Dataset extract
━━━━━━━━━━━━━━━━━━━━

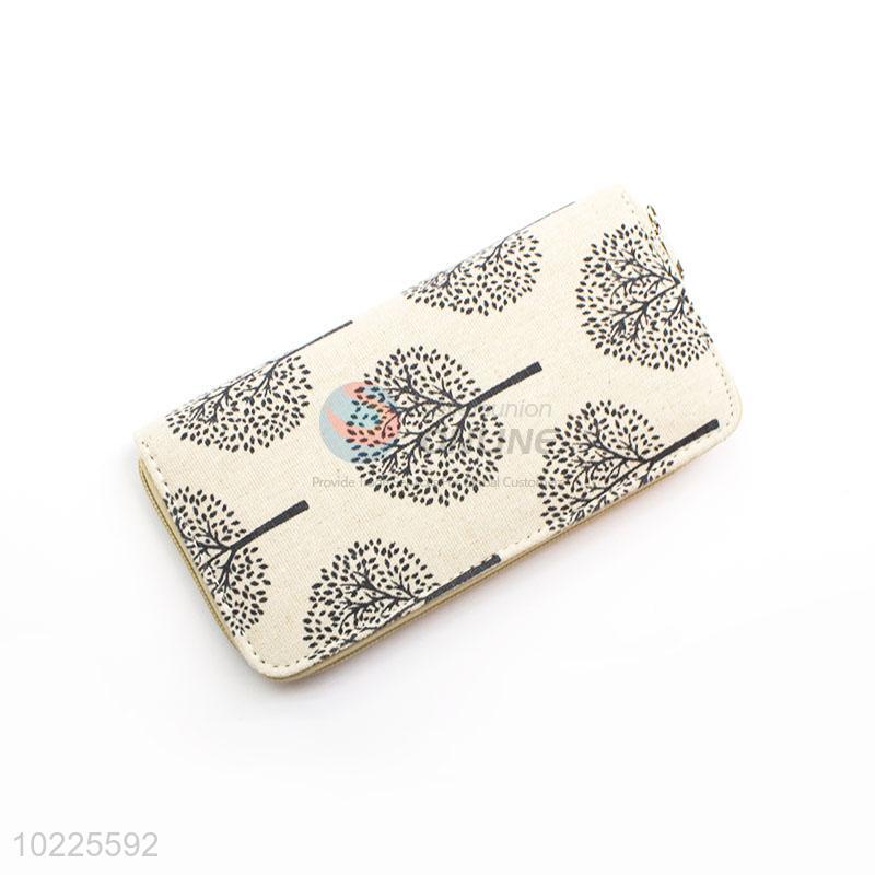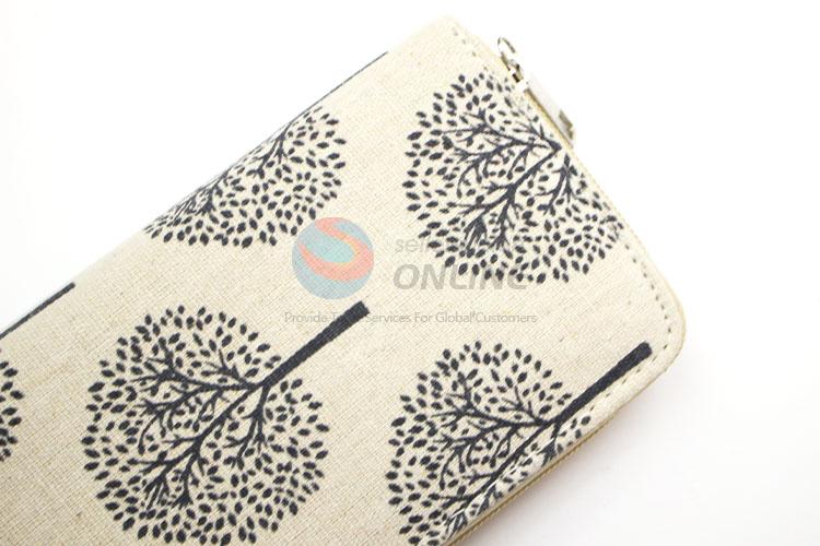 Nice Tree Printed Canvas Purse&Wallet with Copper Zipper for Sale
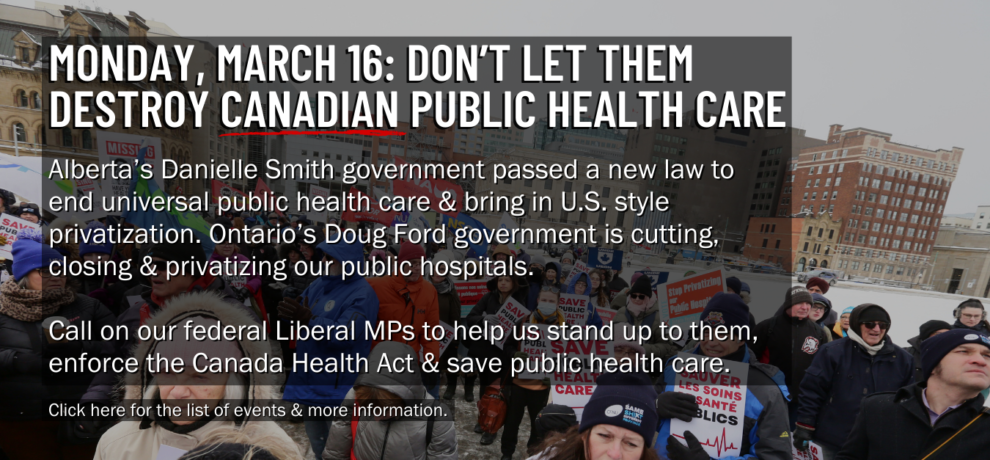 (March 6, 2026) Don’t Let Them Destroy Canadian Public Health Care Monday, March 16 Alberta’s Danielle Smith government passed a new law to end universal public health care and bring in U.S. style privatization. Ontario’s Doug Ford government is cutting, closing and privatizing our public hospitals. Call on our federal Liberal MPs to help us […]
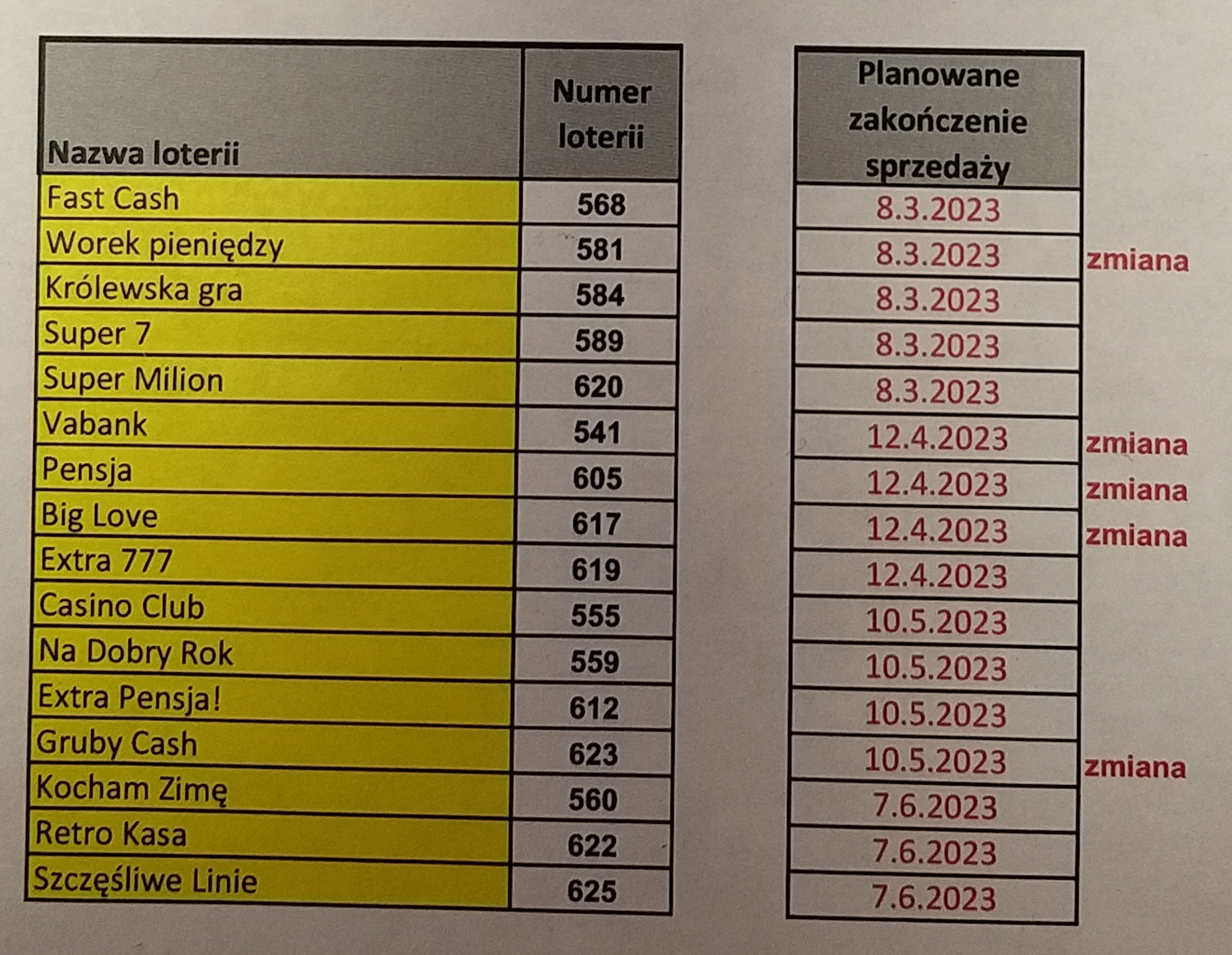 Re: Rozpoczęcie/zakończenie sprzedaży zdrapek [Przybyło - ubyło]
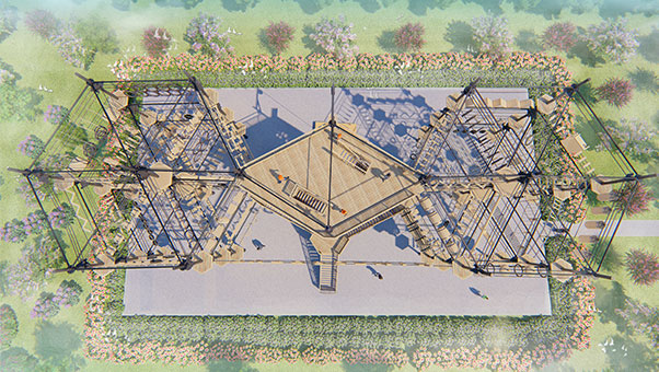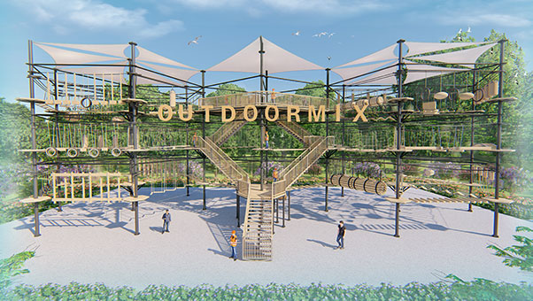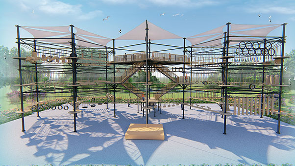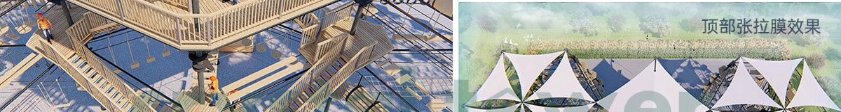 本項(xiàng)目建于戶外自然景區(qū)(亦可在室內(nèi)搭建),配置上百種運(yùn)動(dòng)健身、探險(xiǎn)互動(dòng)項(xiàng)目,項(xiàng)目游樂(lè)步道設(shè)有不同難度系數(shù)的項(xiàng)目供游客體驗(yàn),是景區(qū)中一個(gè)創(chuàng)新性、地標(biāo)性的立體娛樂(lè)綜合體。該設(shè)備占地面積達(dá)到650㎡,綜合用地面積達(dá)850㎡,單層高達(dá)4m,內(nèi)部以晶體結(jié)構(gòu)搭建架空層1-4個(gè)步道層級(jí),打造層超過(guò)600m長(zhǎng)的空中游樂(lè)路線。

━━━━━━━━━━━━━━━━━━━━

Task brief
Only the lines from the one containing "Re: Rozpoczęcie/zakończenie sprzedaży" through the final line of the data should be given again, exactly and without pictures.

Result of the exercise
 Re: Rozpoczęcie/zakończenie sprzedaży zdrapek [Przybyło - ubyło]
 本項(xiàng)目建于戶外自然景區(qū)(亦可在室內(nèi)搭建),配置上百種運(yùn)動(dòng)健身、探險(xiǎn)互動(dòng)項(xiàng)目,項(xiàng)目游樂(lè)步道設(shè)有不同難度系數(shù)的項(xiàng)目供游客體驗(yàn),是景區(qū)中一個(gè)創(chuàng)新性、地標(biāo)性的立體娛樂(lè)綜合體。該設(shè)備占地面積達(dá)到650㎡,綜合用地面積達(dá)850㎡,單層高達(dá)4m,內(nèi)部以晶體結(jié)構(gòu)搭建架空層1-4個(gè)步道層級(jí),打造層超過(guò)600m長(zhǎng)的空中游樂(lè)路線。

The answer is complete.